Concept definition: Trust in institutions: general trust without specifying the concrete domains of activity where the trust applies (these specific questions would require special treatment).
Selection of survey questions that correspond to the concept by filtering on variable and value labels.
Standardizing value labels across questions.
Standardizing variable names to have the same name for all variables that correspond to the same question.

Metadata

metadata_database is a table with variable metadata created from Eurobarometer SPSS files. It has the following columns:

var_name_orig: variable name in the original dataset
class_orig: column class in the original dataset
var_label_orig: variable label in the original dataset
var_label_norm: normalized variable label
var_name_suggested: suggested variable label
factor_levels: vector of value labels as a list (they have no fixed length)
n_categories: total number of response options = length(factor_levels)
class_suggested: suggested conversion to an R class, it should correspond later to a conversion function, so that the researcher can just simply approve and get a correct R representation.
filename: original name of file as obtained from GESIS; it contains a disambigous version information, too. val_numeric_orig: numeric value code (if available, empty otherwise)
val_label_orig: value label in the original dataset corresponding to a response option val_order_alpha: alphabetical number (position) of response option in the set of value labels, after sorting with sort() (we use alphabetical order instead of levels() because levels may not be the same in different survey files, and we revert to a basic but disambigous sorting)
val_order_length:
val_label_norm: value label normalized with label_normalize()

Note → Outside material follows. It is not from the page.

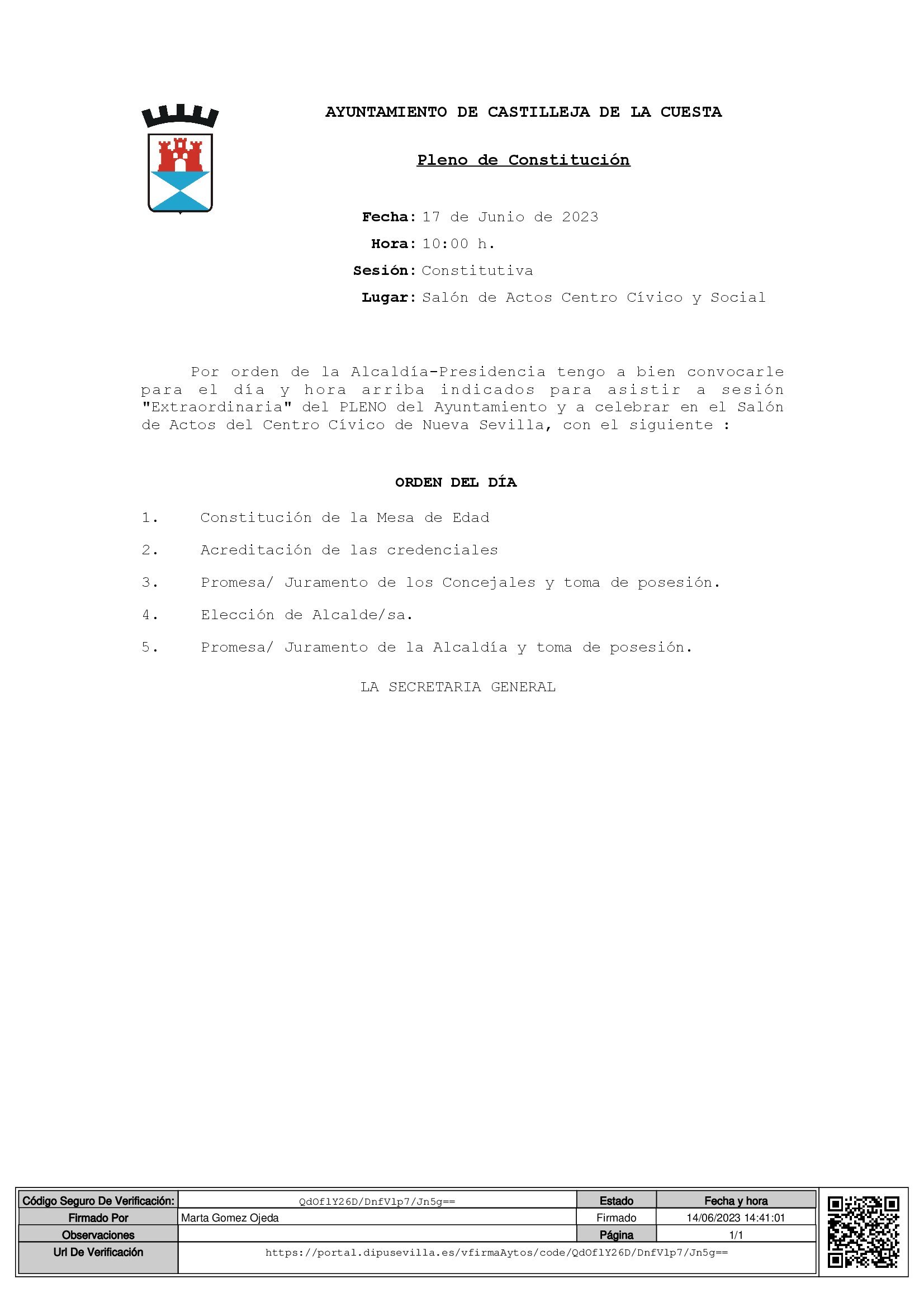 Pleno Extraordinario de constitucion del Ayuntamiento de Castilleja de la Cuesta.

# Avoid changes in the working directory when building vignettes:
metadata_rel_path_from_root <- find_root_file(
  "data-raw", "eb_metadata_database_large.rds", 
  criterion = has_file("DESCRIPTION"))

metadata_database <- readRDS( metadata_rel_path_from_root )

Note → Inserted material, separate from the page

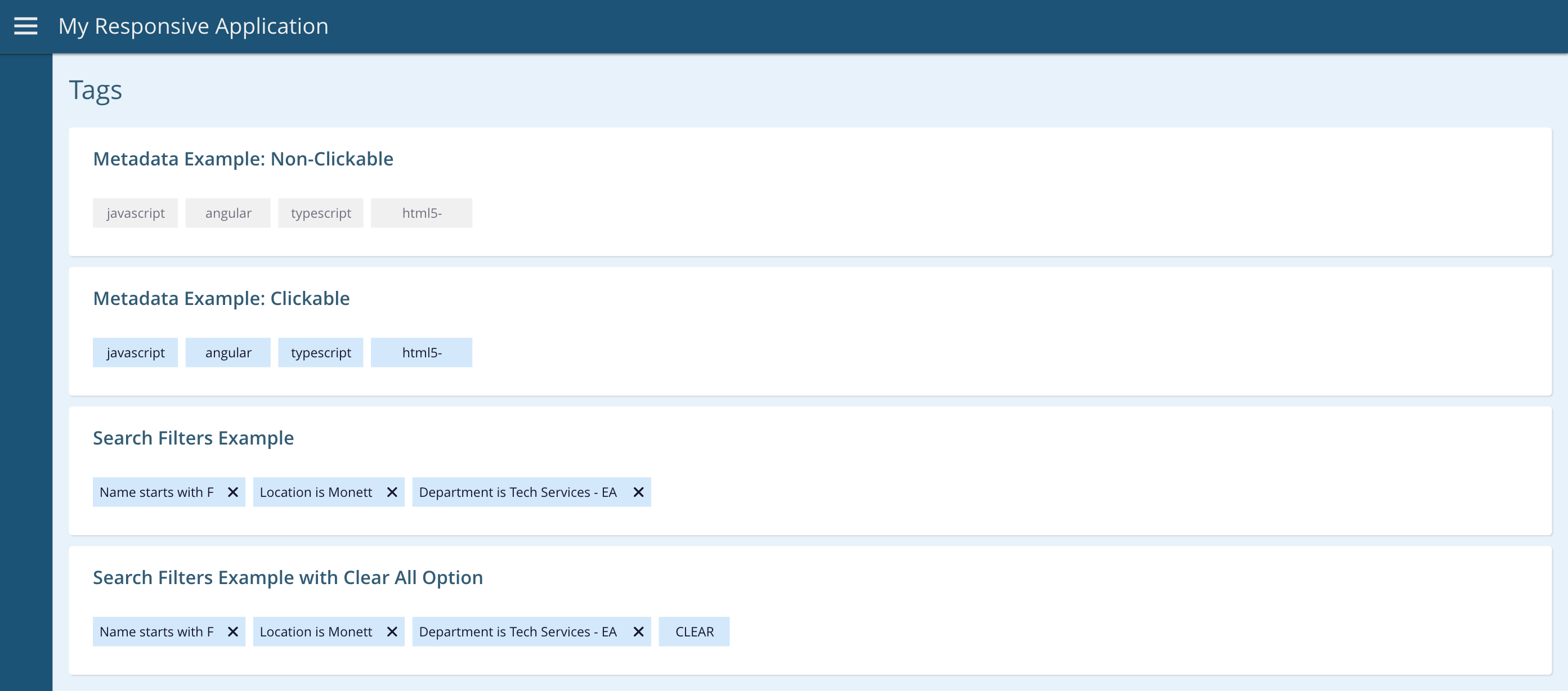 Responsive UI supports two use cases for tags: displaying metadata and displaying search filters.

data("metadata_filter_example")
metadata_database <- metadata_filter_example
rm(metadata_filter_example)

Selection of variables

This is an iterative process.

Iteration 1

Let's filter out questions with trust in their variable labels.

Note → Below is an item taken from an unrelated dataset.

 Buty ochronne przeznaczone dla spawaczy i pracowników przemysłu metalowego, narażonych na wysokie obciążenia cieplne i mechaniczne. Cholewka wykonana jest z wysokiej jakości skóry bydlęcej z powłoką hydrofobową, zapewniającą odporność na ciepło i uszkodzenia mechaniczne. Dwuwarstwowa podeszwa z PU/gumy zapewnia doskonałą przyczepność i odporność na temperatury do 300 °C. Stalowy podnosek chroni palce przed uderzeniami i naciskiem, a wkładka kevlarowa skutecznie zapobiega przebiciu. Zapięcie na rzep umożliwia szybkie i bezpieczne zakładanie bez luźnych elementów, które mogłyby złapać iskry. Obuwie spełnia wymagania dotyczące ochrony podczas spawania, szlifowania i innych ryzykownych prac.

select_metadata_vars <- c(
  "filename", "var_name_orig", "var_label_orig",
  "var_label_norm", "val_label_orig", "val_label_norm", 
  "val_numeric_orig", "val_order_alpha", "n_categories")

trust_metadata <- metadata_database  %>%
  filter (
    grepl( "trust", var_label_norm )
  )  %>%
  select ( all_of(select_metadata_vars) ) %>%
  arrange ( var_label_norm, val_label_norm, filename )

trust_metadata %>%
  head(10) %>%
  kable %>%
  kable_styling(bootstrap_options =
                  c("striped", "hover", "condensed"),
                  fixed_thead = T,
                  font_size = 10 )

Scrolling through the normalized variable names (see ?label_normalize) created from the GESIS SPSS variable labels, it looks like binary value trust in institutions questions have in their label trust in institutions or trust political parties or - trust at the end. Let's take a closer look at those questions and see what response options they have.

Several variables from Eurobarometer 69.2 (ZA4744) ask more detailed questions about specific reasons for trusting or not trusting selected institutions. These are different types of questions with more categories than the more general trend questions with a binary value tend to trust - tend not to trust.

Iteration 2

trust_metadata <- trust_metadata %>% 
  filter (
    grepl( 
      "trust_in_institutions|trust_political_parties|_trust$",
      var_label_norm )
  ) %>%
  filter( ! (filename == "ZA4744_v5-0-0.sav" &
               var_name_orig %in% c("v336", "v347","v292", "v303",
                                    "v314", "v325", "v270", "v281")
             )
          )

trust_metadata %>%
  arrange(filename, var_name_orig, val_order_alpha) %>%
  head(10) %>%
  kable %>%
  kable_styling(bootstrap_options =
                  c("striped", "hover", "condensed"),
                  fixed_thead = T,
                  font_size = 10 )

Check how many unique response values do the selected variables have?

trust_metadata %>%
  arrange(val_label_norm) %>%
  select(val_label_norm, everything()) %>% 
  count(n_categories) %>%
  kable %>%
  kable_styling(bootstrap_options =
                  c("striped", "hover", "condensed"),
                  fixed_thead = T,
                  font_size = 10 )

These variables have 2, 3 or 4, or as many as 13 unique response options. Let's take a look at the one with 13 unique responses:

trust_metadata %>%
  filter(n_categories == 13) %>%
  kable %>%
  kable_styling(bootstrap_options =
                  c("striped", "hover", "condensed"),
                  fixed_thead = T,
                  font_size = 10 )

The question asks: Who do you trust the most to fight effectively in [country] against the European Union and its budget being defrauded? (see documentation in the GESIS documentation).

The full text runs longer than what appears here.